In 2005, an artwork called City Glow by Chiho Aoshima was installed here.

Image gallery

BMT Canarsie Line platform

Union Square on the BMT Canarsie Line opened on June 30, 1924, as part of the 14th Street–Eastern Line, which ran from Sixth Avenue under the East River and through Williamsburg to Montrose and Bushwick Avenues. The station has two tracks and one island platform with numerous stairways and exits leading from it. There is one mezzanine attached to this station with entrances on the south side of 14th Street between Broadway and University Place. Other entrances in the complex serve the other services that stop here. The original mosaic band of sky blue, sea green, lime green and yellow ochre stands clearly visible above new green-bordered tile panels.

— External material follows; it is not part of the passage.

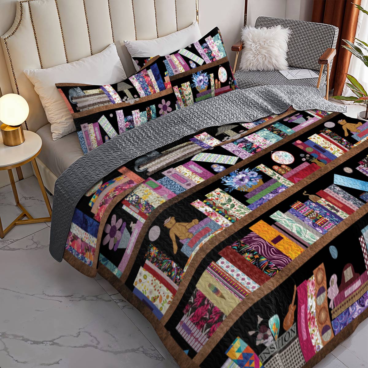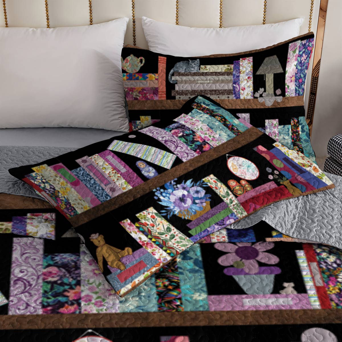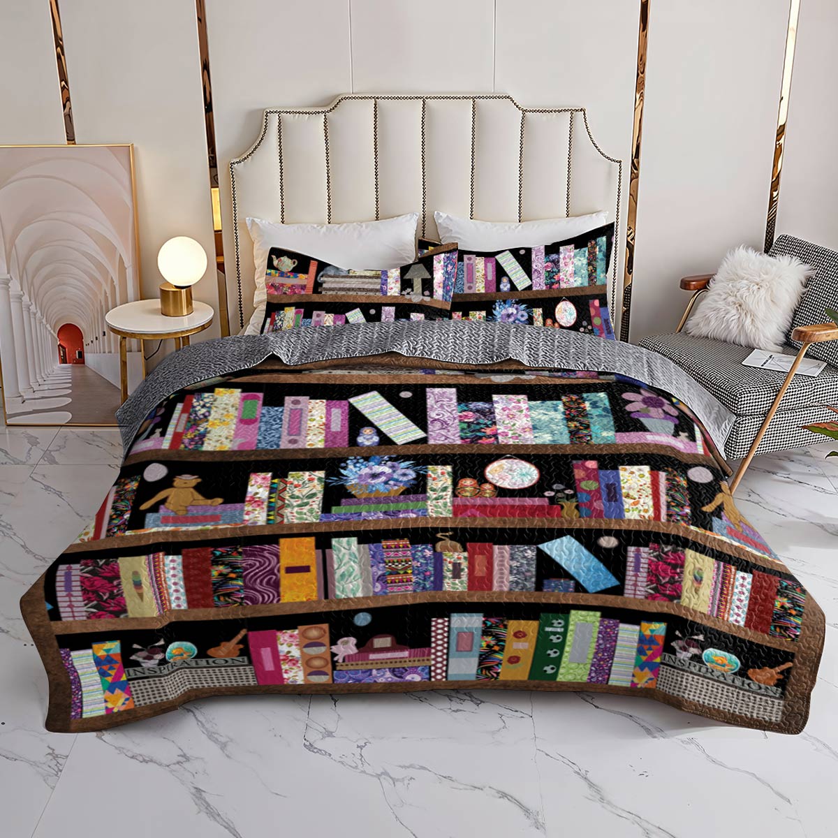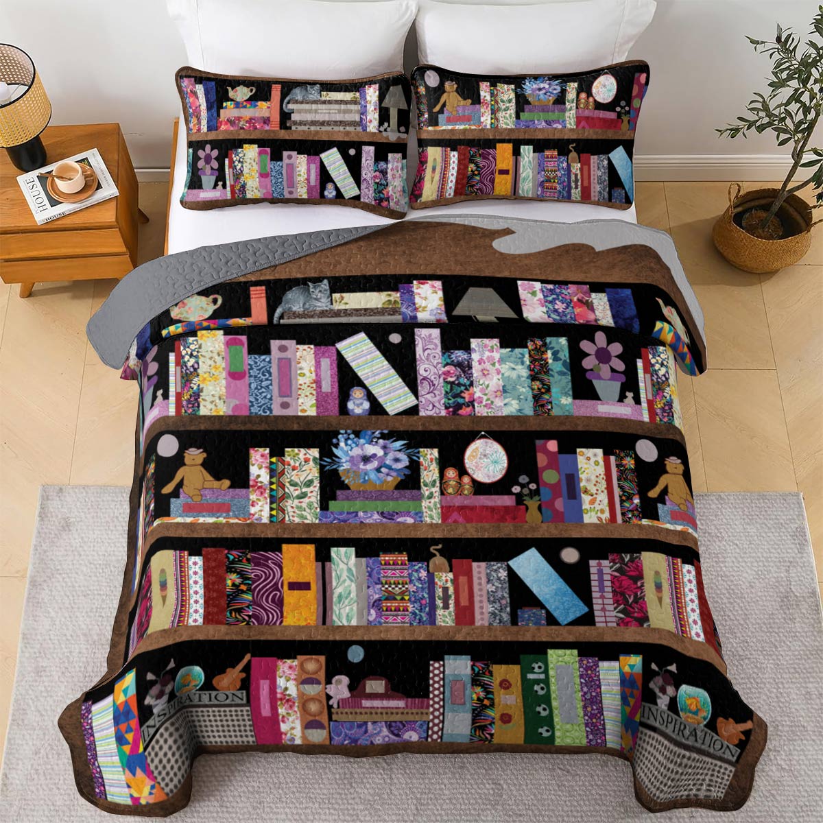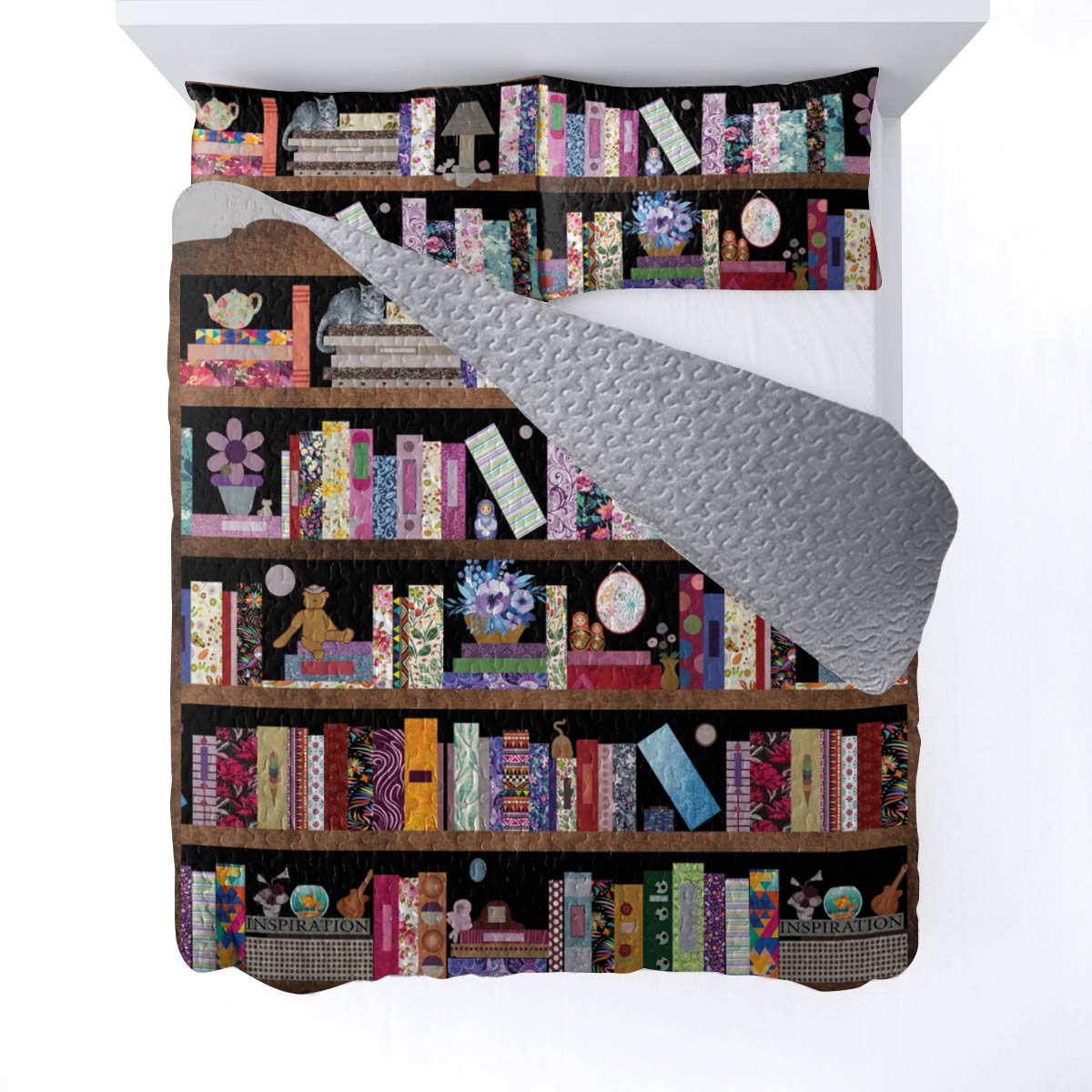 Book Lover Shineful All Season Quilt 3-Piece Set Vintage Bookshelf

The station has been renovated and is now ADA-accessible with a single elevator going up from the platform to the mezzanine.
As part of the 2015–2019 MTA Capital Program, there are plans to improve circulation and to reduce crowding at this platform. The stairs from the Broadway Line platforms were rebuilt in March 2019; the stair from the downtown Broadway Line platform was reconfigured entirely. Additionally, a new escalator will be installed from the east mezzanine to the platform for $15 million.